Welcome to my home and thanks for taking the time to learn a little more about me. I hope that your visit here will make the time we share together a little more satisfying for the both of us.
I wake up every morning now a little surprised that I'm doing this. For the longest time I wondered if I was the problem? Wasn't I sexy enough? Was I not doing enough? Was I not doing it right? It wasn't long ago that I was a loving and faithful wife to a man who I believed to be as loyal and faithful as myself. I guess you live and you learn. Almost overnight, he went from chasing me around the house to barely touching me at all. I just wanted so badly for things to go back to the way they were. I learned all kinds of tricks and every treat. I offered myself to him in ways that would make a sailor blush. But nothing made a difference. Toys, erotic fiction, and porn became my only outlets.

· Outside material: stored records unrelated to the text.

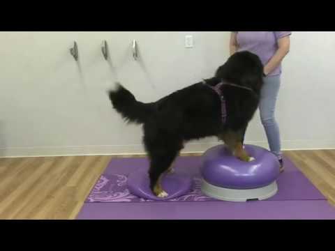 Pust disken op med almindelig luftpumpe. Lad hunden balancere, steppe og skifte position for at styrke core, balance og koordinering.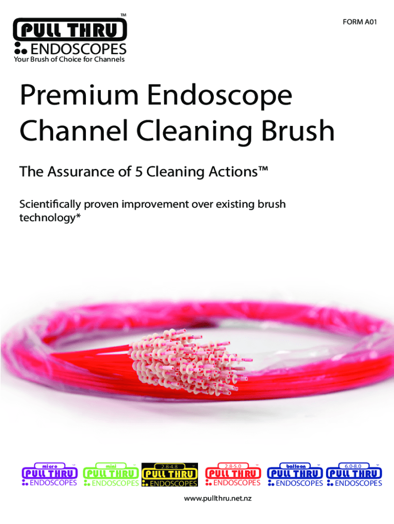 FORM A01PULL THRUENDOSCOPESYour Brush of Choice for ChannelsPremium Endoscope Channel Cleaning Brush The Assurance of 5 Cleaning Actions Scientifically proven improvement over existing brush technology×microtubule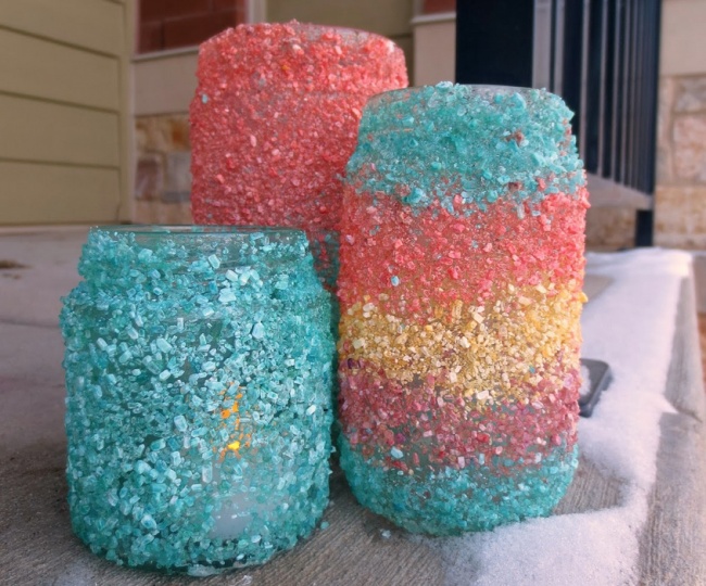 Pour réaliser des porte-bougies aussi brillants, vous allez avoir besoin de gros sel, de colorants alimentaires et d’un peu de colle. Et bien sûr, les instructions présentes sur cette page !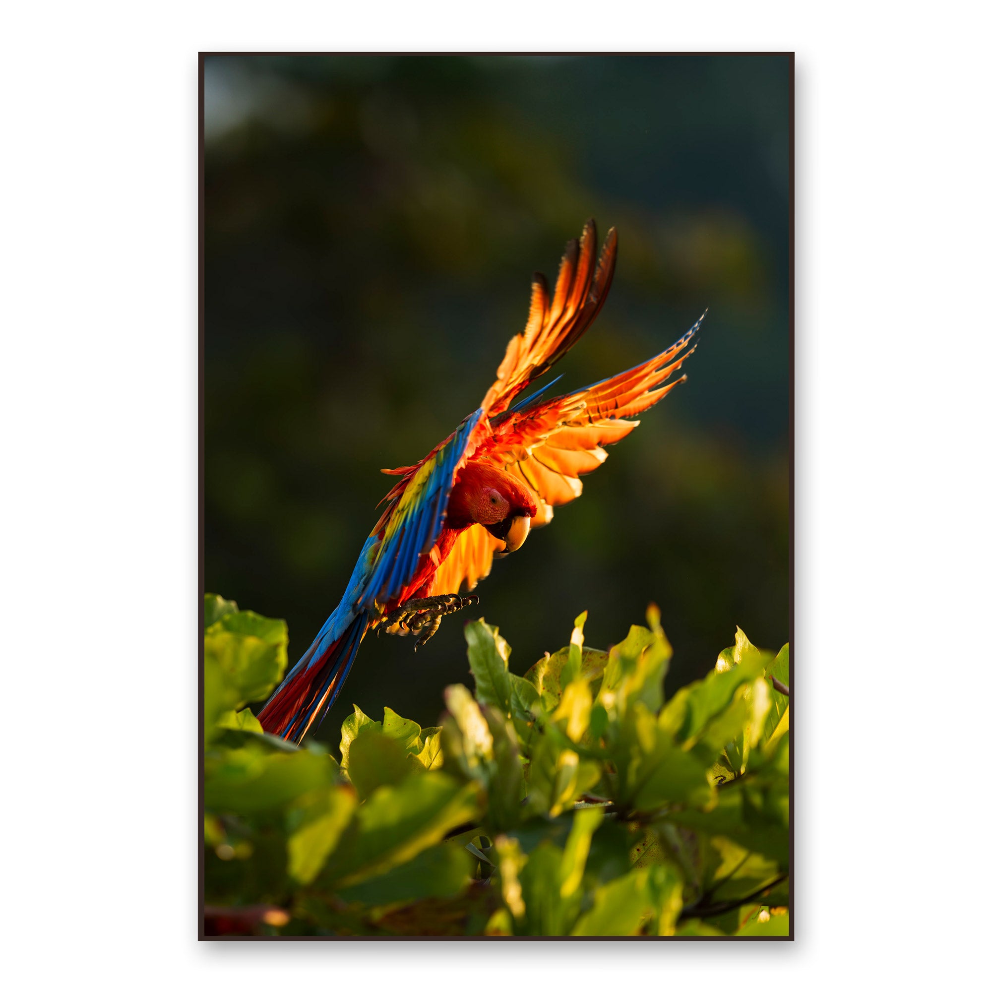 Feather frames (pictured) have no buffer between the print and the frame, whereas floating frames have a small gap, creating a floating effect for the capture within the frame.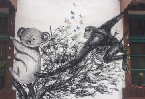 In order to find the cache, it is adviceable to find Monkey's home, see photo below. The cache is hidden less than 20m far away from this place (stage 2). Also have a look at the "corner kiss".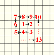 Es situen els nombres enters positius en un engraellat tal com mostra l'esquema següent: Quin nombre quedarà situat a la casella situada immediatament a la dreta de la que ocupa el nombre F que us han passat? Recordeu que F és el resultat de multiplicar per 10 el resultat del problema anterior. Ja heu acabat! |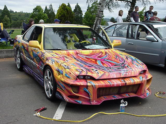 molded front bumper, shaved emblems, shaved antenna, custom hood, custom headlights, full graphics paint job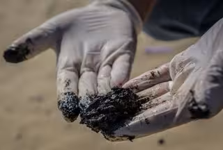 Archivo - 27 February 2021, Lebanon, Tyre: A Lebanese volunteer holds tar during a cleaning campaign of beaches at the city of Tyre, after an oil spill deposited tar over large stretches of the coast in the southern part of Lebanon. Tar from an offshore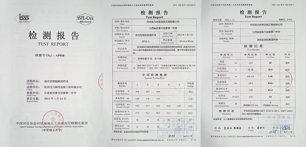 混合型塑膠跑道物理性能檢測(cè)報(bào)告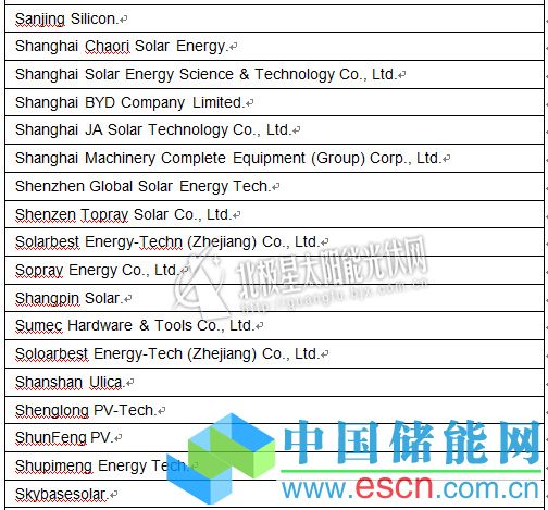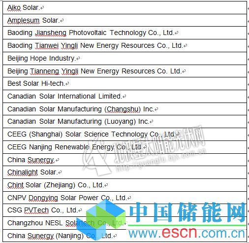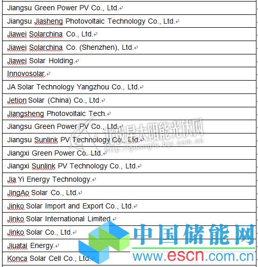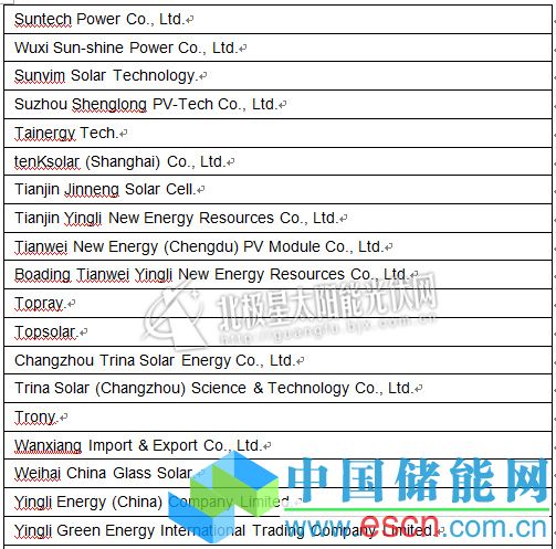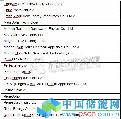 美對華光伏反補(bǔ)貼問卷企業(yè)公示(名單)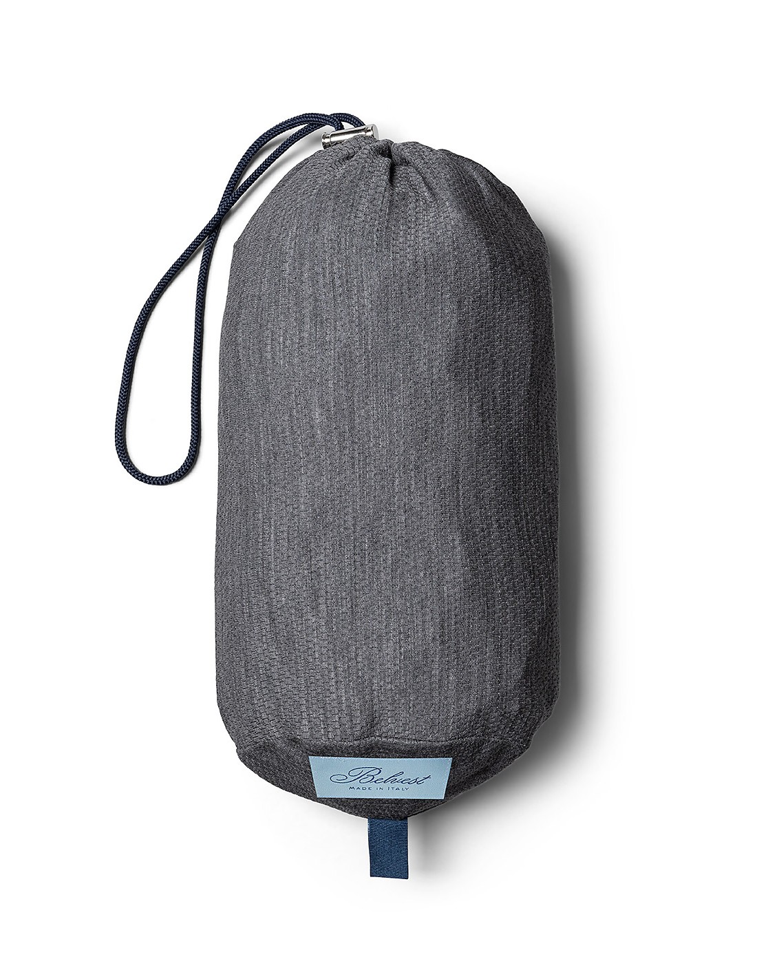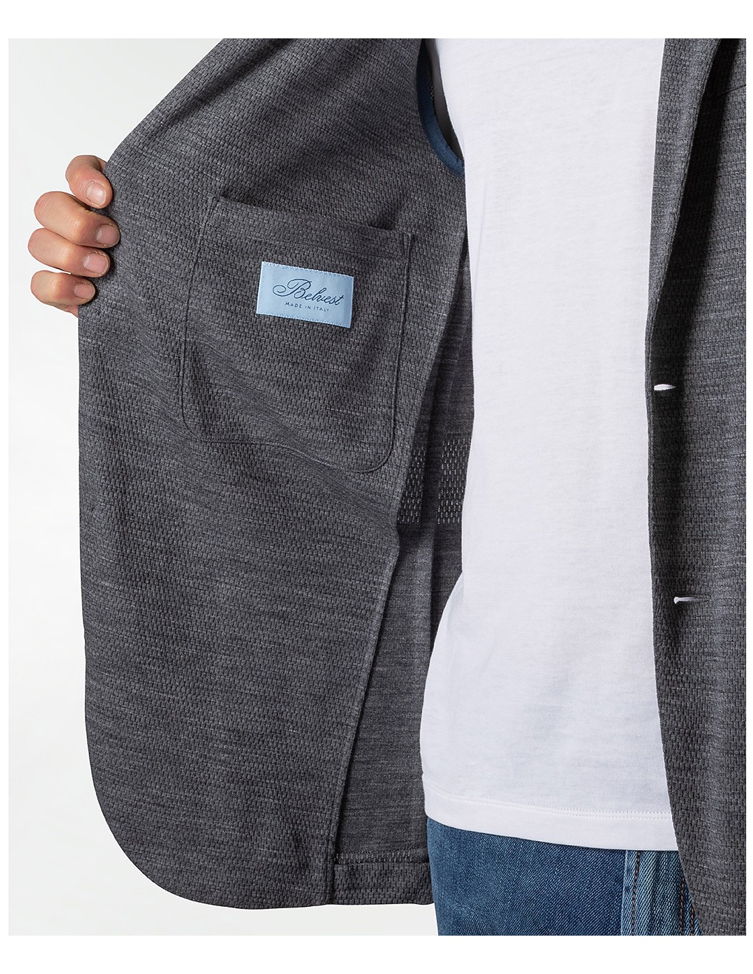 Whatever your destination today, we believe that style should give you the confidence for feeling completely at ease on every occasion. This jacket comes in a high-quality Super 120s wool, gray jersey fabric, and has a soft and regular fit. The garment is made to be folded into a bag of the same fabric, so that it can be put into your suitcase without it creasing. This single-breasted, two-button jacket has a classic lapel, with two patch pockets and a slanted breast welt pocket. We created it fully unlined and unstructured, to give you the pleasure of wearing it, morning to night, without needing to change. The small Murrina lapel pin makes the jacket even more distinguished, and is a tribute to your style and to your desire for individualism. Each garment is a little gem of sartorial perfection: they are hand-made in our Piazzola sul Brenta atelier by our master craftsmen who select and work with the finest fabrics the world can offer.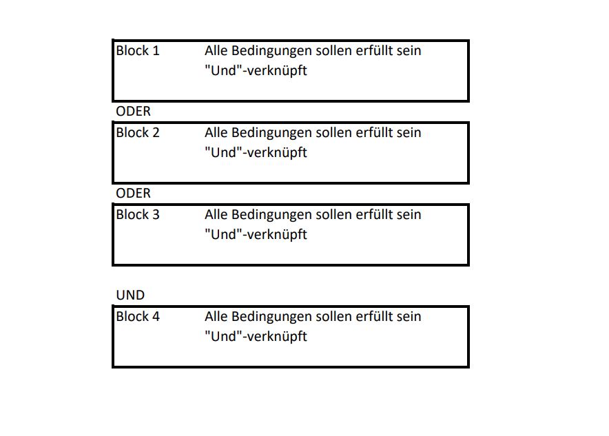 Wenn Du eine große „OR“-Bedingung machst in den Bedingungen und darin dann 2-n „AND-Bedingungen mit deinen eigentlichen Bedingungen darin müsste es auch gehen.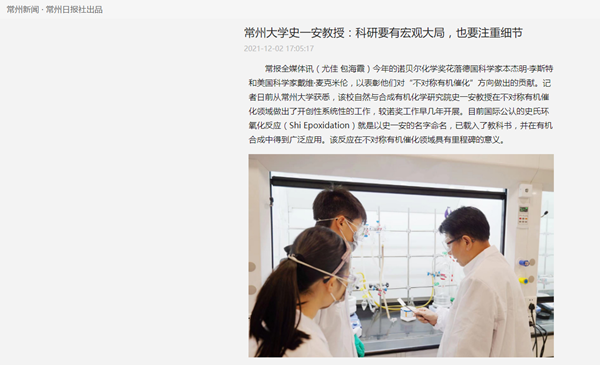 今年的诺贝尔化学奖花落德国科学家本杰明·李斯特和美国科学家戴维·麦克米伦,以表彰他们对“不对称有机催化”方向做出的贡献。记者日前从常州大学获悉,该校自然与合成有机化学研究院史一安教授在不对称有机催化领域做出了开创性系统性的工作,较诺奖工作早几年开展。目前国际公认的史氏环氧化反应(Shi Epoxidation)就是以史一安的名字命名,已载入了教科书,并在有机合成中得到广泛应用。该反应在不对称有机催化领域具有里程碑的意义。

Not once during the time we dated or during our marriage did any other man touch what belonged to him. It was his, and I was saving it for him. I'd never allowed any other man the pleasure of enjoying me in that way. If only I'd known then what I know now.
Do you know what it's like to wake up one morning and realize you don't recognize either the person staring back at you in the mirror anymore, or the one who sleeps across from you in bed. anymore. You're sharing a house with someone. But you don't really share in his or her life at all. Is it their fault? Is it yours? Or is it just life? What happened to the happy ending?
Despite it all, if you were to ask me today what I think of him, I would say that my husband is a good man. He works hard. He always has. Support has never been an issue. But the day I found out he's been seeing girls he met online for years was the day I was reborn again.
I know that sounds bitter. I'm not. What I am is a firm believer that everything in life happens for a reason. I've spent the past 20+ years saying, "I wish I had" and "I wonder what that's like". But I 'm going to spend the next little bit saying instead, "Maybe I shouldn't have done that". Lol. My new motto, "Why the f**k not!".